Can you please help me set up my lights i have put a bypass relay kit on my car now and vagcom it but i keeps getting error msg saying dipped headlights out ive brought a canbus kit as well but i dont no if im connecting it up properly please some one help me i dont no what to do now and i dont want to take them off its cost me so much money with my wiper motor burning out as well.


----------



## tiptronic (Apr 18, 1999)

*Re: FV-QR (TIPPA21)*


_Quote, originally posted by *TIPPA21* »_Can you please help me set up my lights i have put a bypass relay kit on my car now and vagcom it but i keeps getting error msg saying dipped headlights out ive brought a canbus kit as well but i dont no if im connecting it up properly please some one help me i dont no what to do now and i dont want to take them off its cost me so much money with my wiper motor burning out as well.

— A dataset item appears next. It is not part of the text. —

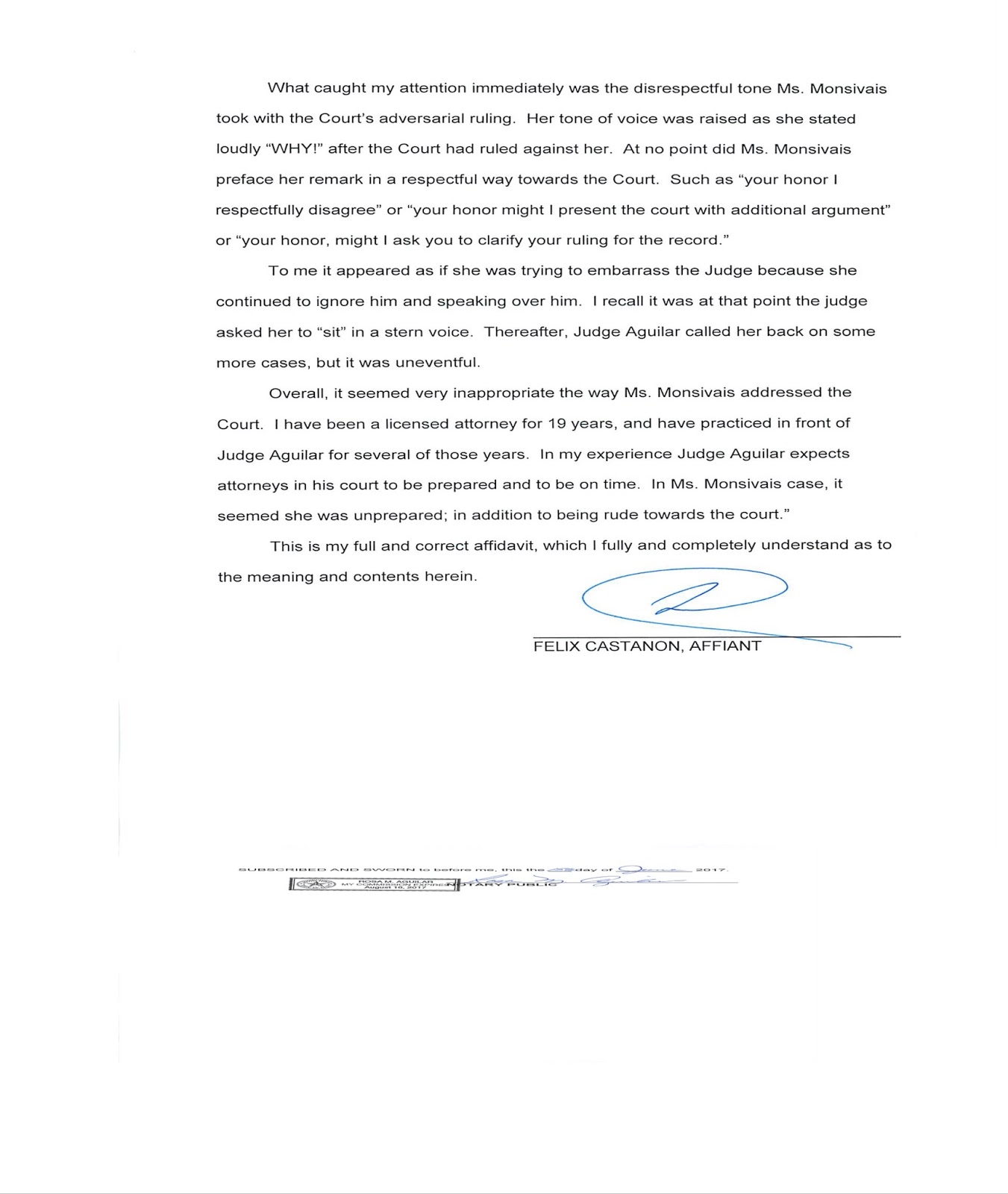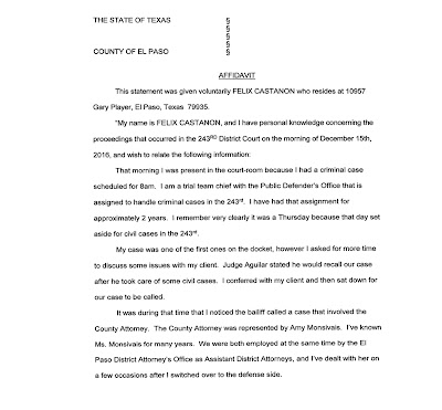 Here is the affidavit from Castañon about his account of what transpired that day with Judge Aguilar.

So you have an HID kit with battery relay? I've tried at best to stay away from those (as a matter of fact, i have a kit at home/w relays sitting in the garage, as i opted for the more simpler set up using only the oem wiring). Did your Kit gives you an option not use the relay and did it give you an option to connect directly to the housing wires?
e


----------



## SilverSquirrel (Jul 24, 2006)

*Re: FV-QR (tiptronic)*

If you use a relay for aux power to the HID's, you need to provide a dummy load resistance in series with the relay trigger circuit (NOT the power side of the relay to the HID load)
Otherwise, with incorrect current flow, the computer thinks there is a bulb burned out or other fault in the headlight.
measure the normal current draw to the stock headlight with an ammeter, and use ohms law to calculate the resistance needed. Use a power resistor of the correct ohms and wattage, in series with the relay trigger ckt. Problem solved.
Also, if you are worried about damaging your wiper motor, splice in an inline fuse right at the wiper motor, since obviously it doesnt have its own fuse, a major design flaw, it would seem.


----------



## TIPPA21 (Nov 23, 2009)

*Re: FV-QR (tiptronic)*

How have you done it mate.i have the kit with only the oem wiring but when i had it working with no relay it blow my wiper motor so i brought a relay kit and some canbus things and got it vagcomed now it all works but im getting error msgs saying bulbs out mate.


----------



## TIPPA21 (Nov 23, 2009)

*Re: FV-QR (SilverSquirrel)*

Thanks mate if i put a resistor on do i still use my canbus things. and how do i get to my wiper motor wire to put a fuse in mate.


----------



## tiptronic (Apr 18, 1999)

*Re: FV-QR (TIPPA21)*


_Quote, originally posted by *TIPPA21* »_How have you done it mate.i have the kit with only the oem wiring but when i had it working with no relay it blow my wiper motor so i brought a relay kit and some canbus things and got it vagcomed now it all works but im getting error msgs saying bulbs out mate.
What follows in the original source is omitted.